» Action item
Stop at the line that contains "3-in-1 Operation (Cool/Fan/Dry): The". Until then, set down each line of the records exactly, beginning with the first, and skip pictures.
[Task input Boundary: Start]
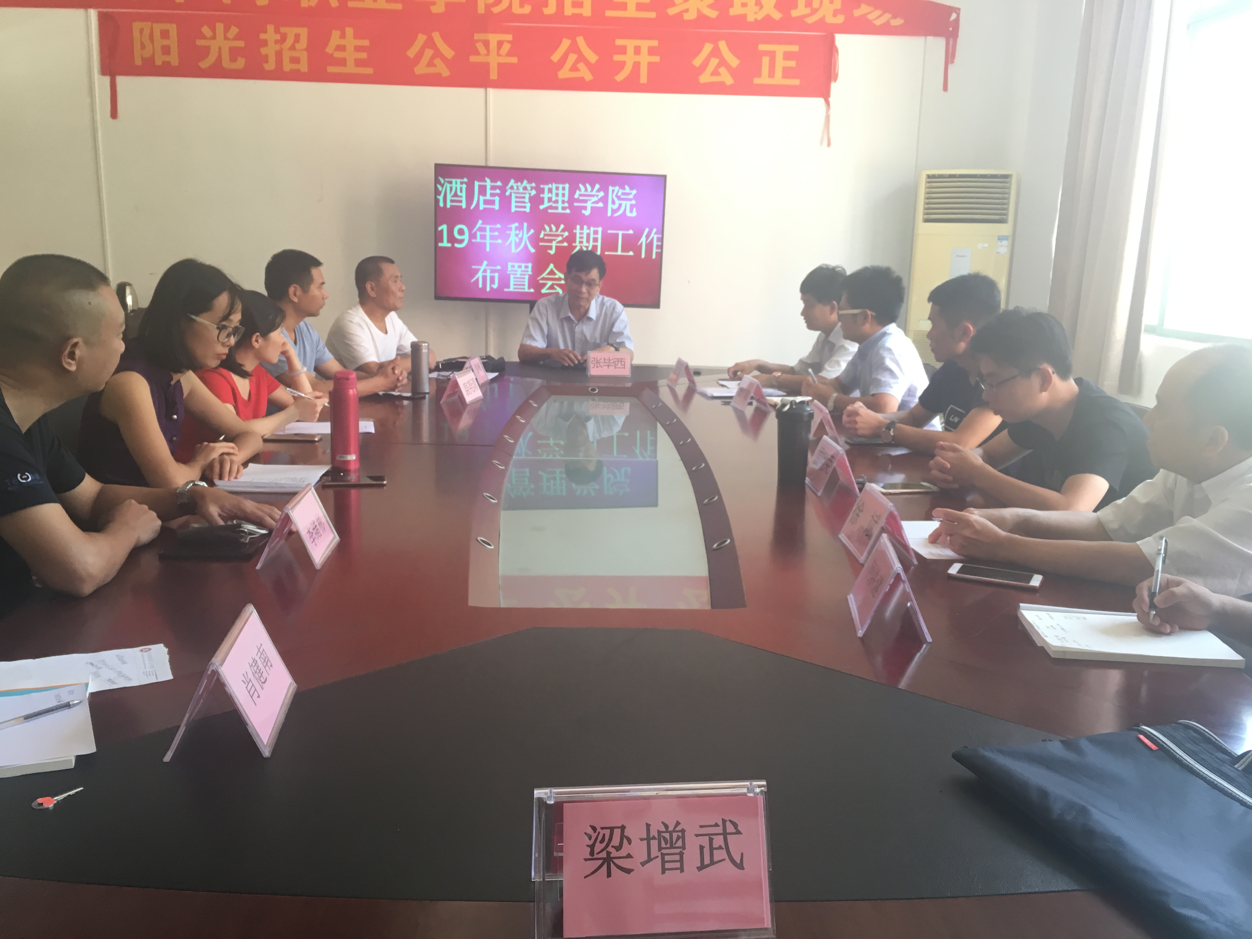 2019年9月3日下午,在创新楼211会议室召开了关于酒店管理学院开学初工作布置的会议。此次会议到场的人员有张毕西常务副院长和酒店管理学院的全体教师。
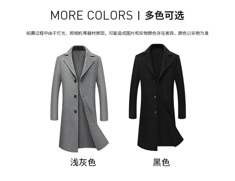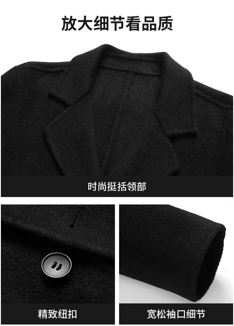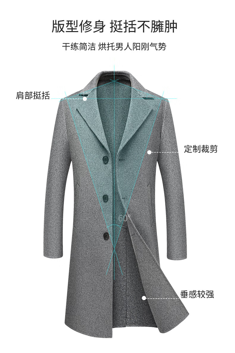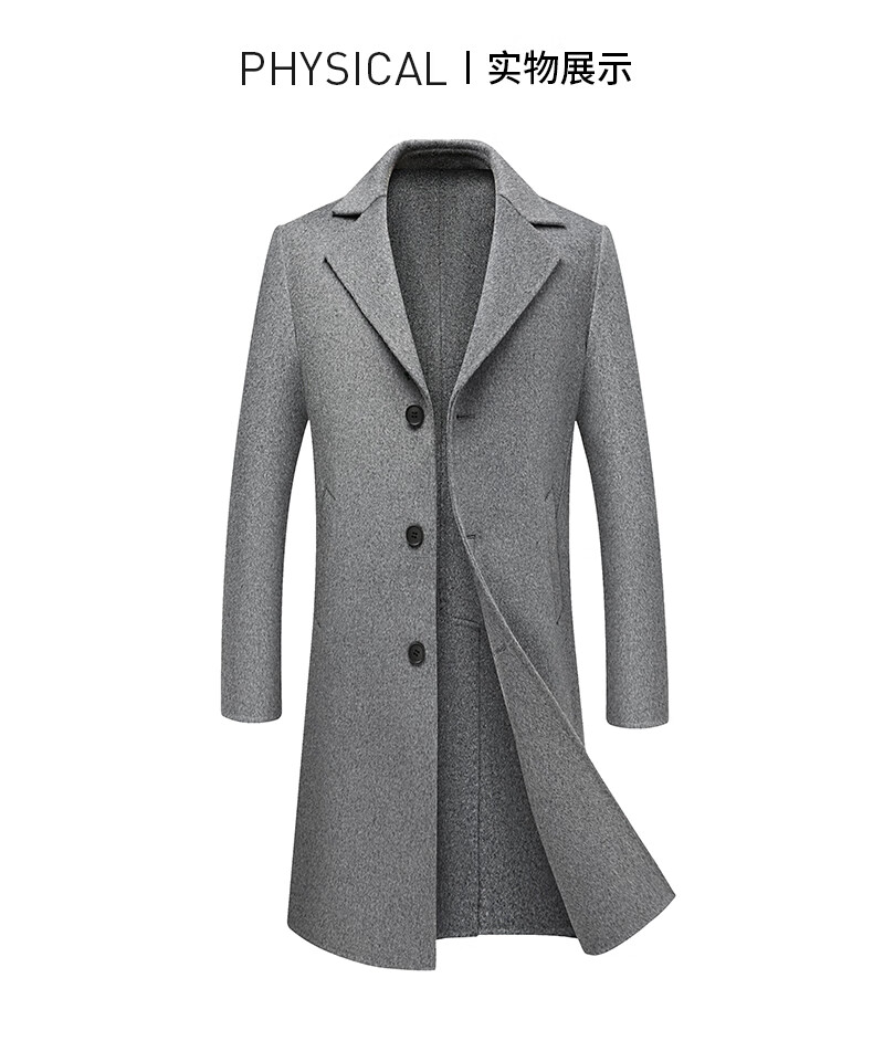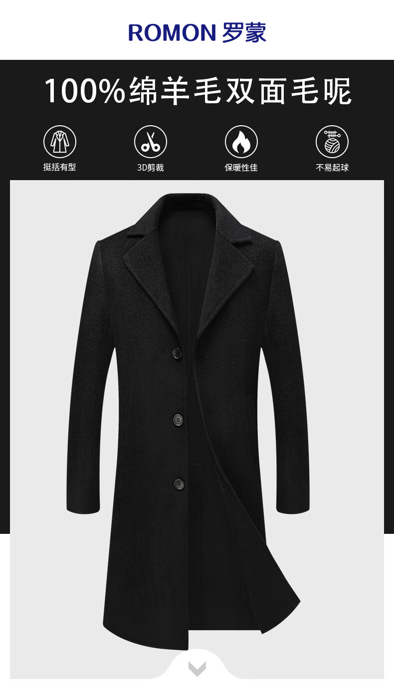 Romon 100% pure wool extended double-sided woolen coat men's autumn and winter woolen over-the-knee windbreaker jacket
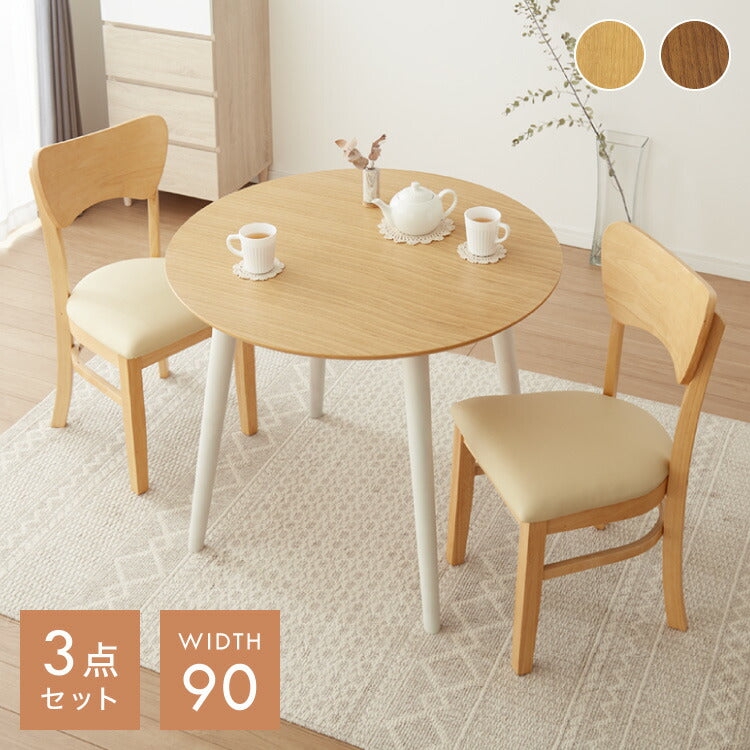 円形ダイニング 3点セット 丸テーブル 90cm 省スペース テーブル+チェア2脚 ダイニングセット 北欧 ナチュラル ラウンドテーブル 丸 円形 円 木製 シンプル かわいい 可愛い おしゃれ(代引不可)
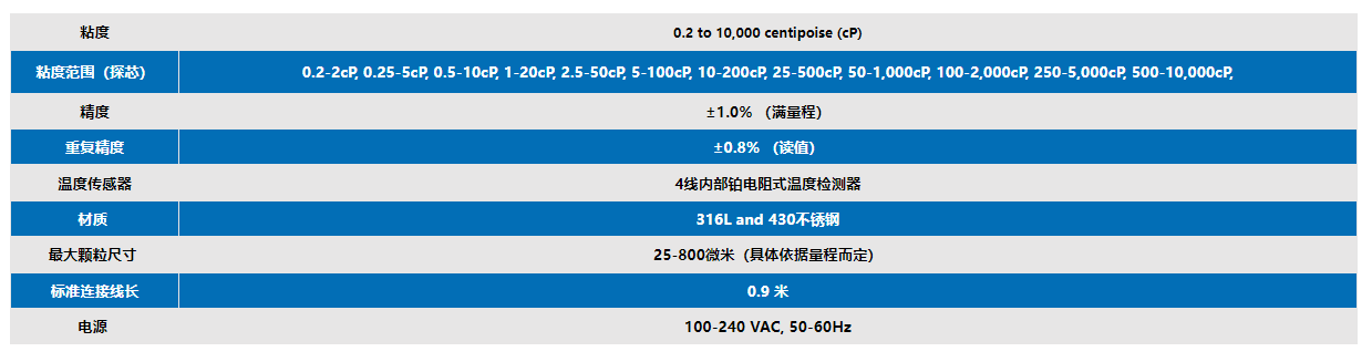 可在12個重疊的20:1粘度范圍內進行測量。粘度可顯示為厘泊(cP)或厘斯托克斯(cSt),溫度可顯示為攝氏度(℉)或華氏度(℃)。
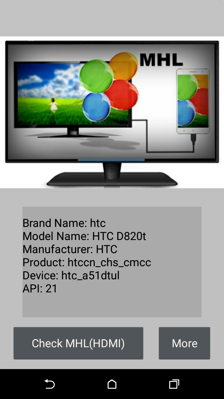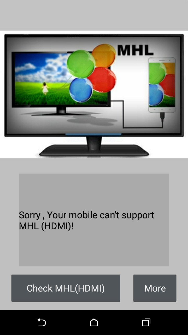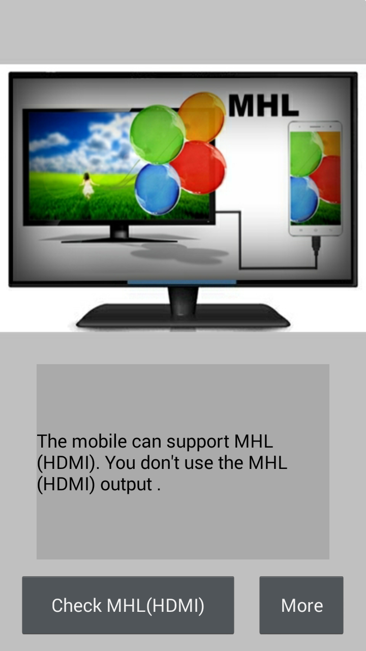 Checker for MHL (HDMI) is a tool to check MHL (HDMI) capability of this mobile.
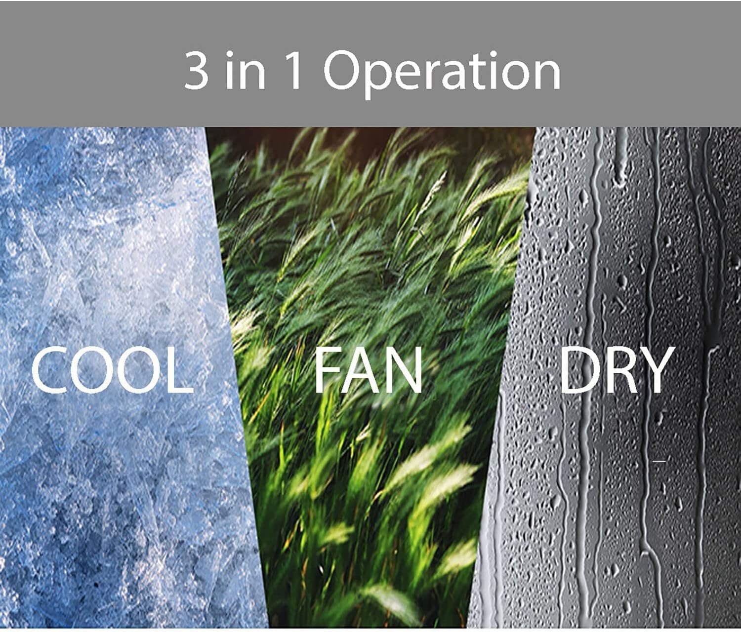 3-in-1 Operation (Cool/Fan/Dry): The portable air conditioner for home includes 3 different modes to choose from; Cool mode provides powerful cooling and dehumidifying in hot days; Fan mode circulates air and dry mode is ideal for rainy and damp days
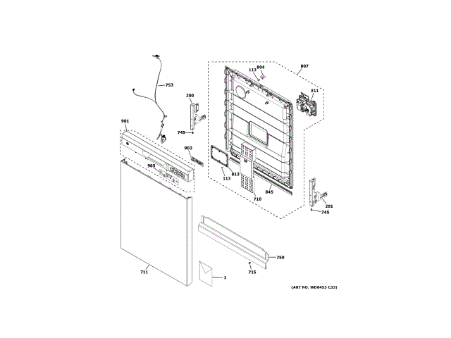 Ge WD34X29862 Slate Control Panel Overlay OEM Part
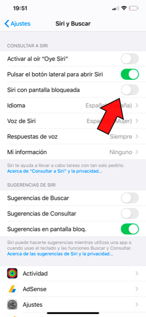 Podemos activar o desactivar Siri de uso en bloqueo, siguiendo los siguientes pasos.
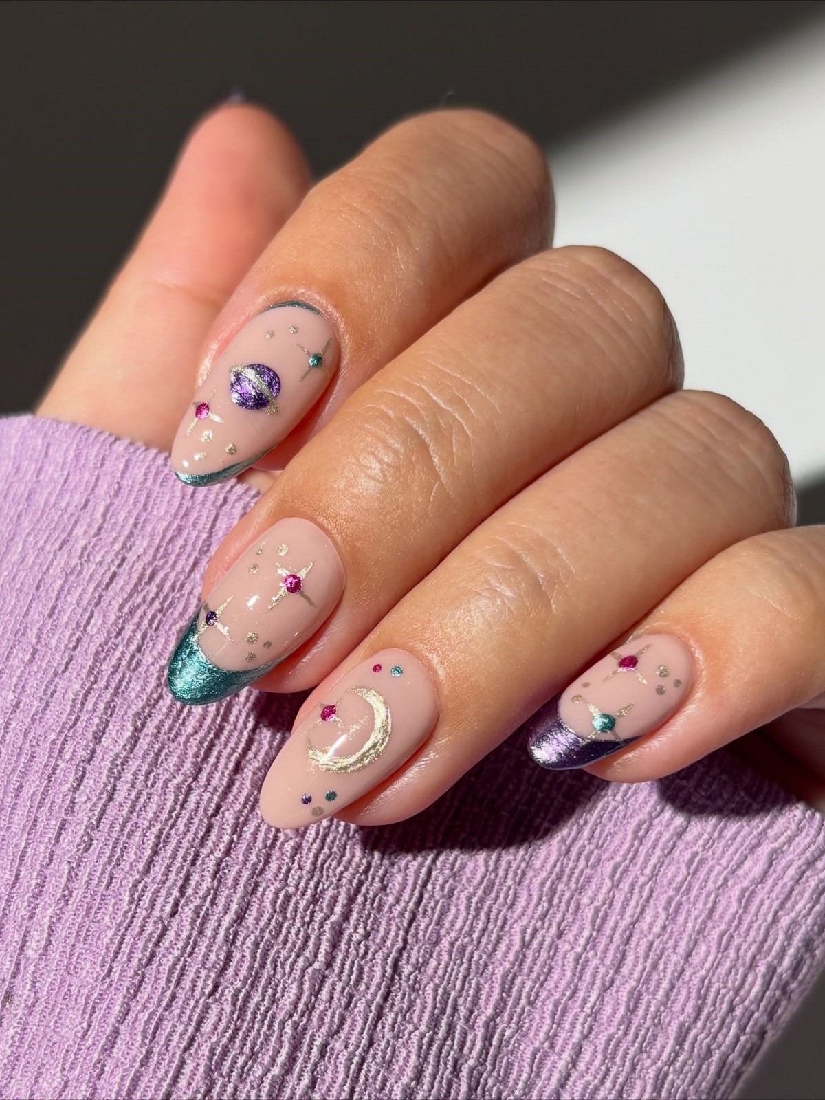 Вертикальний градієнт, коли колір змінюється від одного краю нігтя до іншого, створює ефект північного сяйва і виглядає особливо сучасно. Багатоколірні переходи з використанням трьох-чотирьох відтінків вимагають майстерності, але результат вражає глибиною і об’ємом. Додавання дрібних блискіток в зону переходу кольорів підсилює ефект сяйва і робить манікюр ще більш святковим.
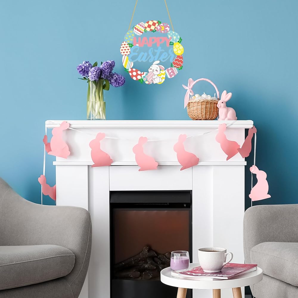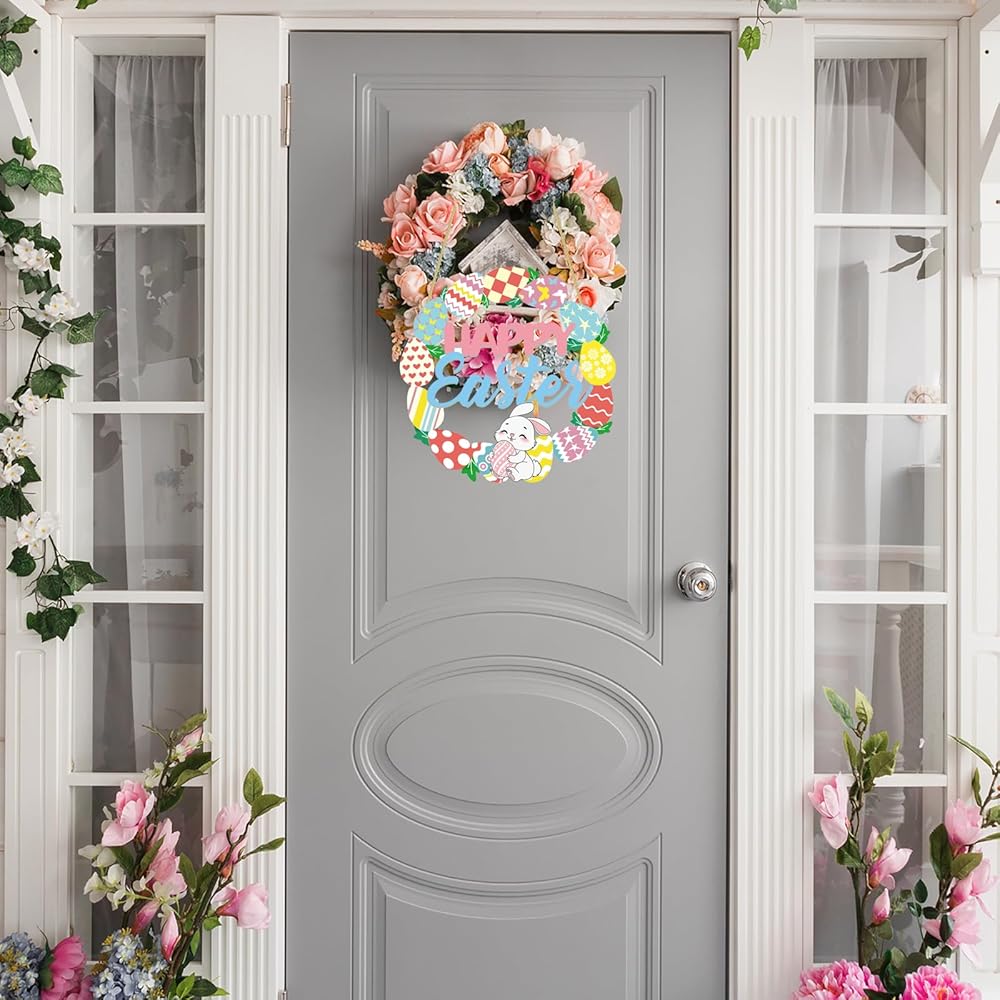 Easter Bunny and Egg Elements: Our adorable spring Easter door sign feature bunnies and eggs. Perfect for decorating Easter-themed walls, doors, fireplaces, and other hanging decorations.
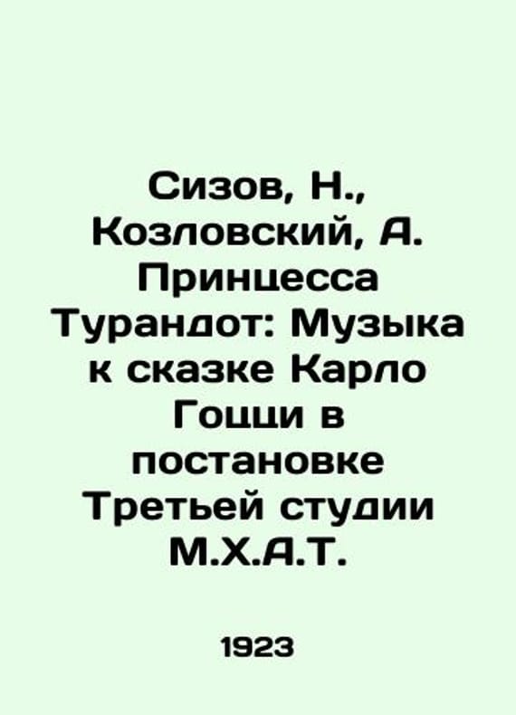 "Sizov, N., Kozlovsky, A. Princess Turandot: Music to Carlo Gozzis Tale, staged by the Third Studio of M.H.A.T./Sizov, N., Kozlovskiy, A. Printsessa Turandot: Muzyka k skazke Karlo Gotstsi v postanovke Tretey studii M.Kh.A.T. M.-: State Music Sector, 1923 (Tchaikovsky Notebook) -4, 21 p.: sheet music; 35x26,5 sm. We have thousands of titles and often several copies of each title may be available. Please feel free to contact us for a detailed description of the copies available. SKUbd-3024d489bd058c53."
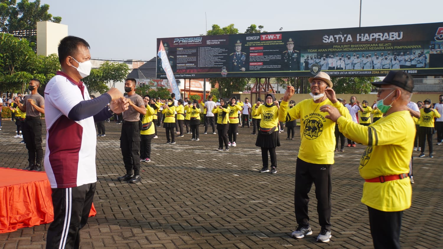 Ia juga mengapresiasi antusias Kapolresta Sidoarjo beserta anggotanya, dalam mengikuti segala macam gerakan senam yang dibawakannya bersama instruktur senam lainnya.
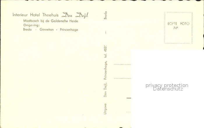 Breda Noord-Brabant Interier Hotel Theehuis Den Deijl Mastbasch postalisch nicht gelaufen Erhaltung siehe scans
[Task input Boundary: End]
» Solution to this problem
 2019年9月3日下午,在创新楼211会议室召开了关于酒店管理学院开学初工作布置的会议。此次会议到场的人员有张毕西常务副院长和酒店管理学院的全体教师。
 Romon 100% pure wool extended double-sided woolen coat men's autumn and winter woolen over-the-knee windbreaker jacket
 円形ダイニング 3点セット 丸テーブル 90cm 省スペース テーブル+チェア2脚 ダイニングセット 北欧 ナチュラル ラウンドテーブル 丸 円形 円 木製 シンプル かわいい 可愛い おしゃれ(代引不可)
 可在12個重疊的20:1粘度范圍內進行測量。粘度可顯示為厘泊(cP)或厘斯托克斯(cSt),溫度可顯示為攝氏度(℉)或華氏度(℃)。
 Checker for MHL (HDMI) is a tool to check MHL (HDMI) capability of this mobile.
 3-in-1 Operation (Cool/Fan/Dry): The portable air conditioner for home includes 3 different modes to choose from; Cool mode provides powerful cooling and dehumidifying in hot days; Fan mode circulates air and dry mode is ideal for rainy and damp days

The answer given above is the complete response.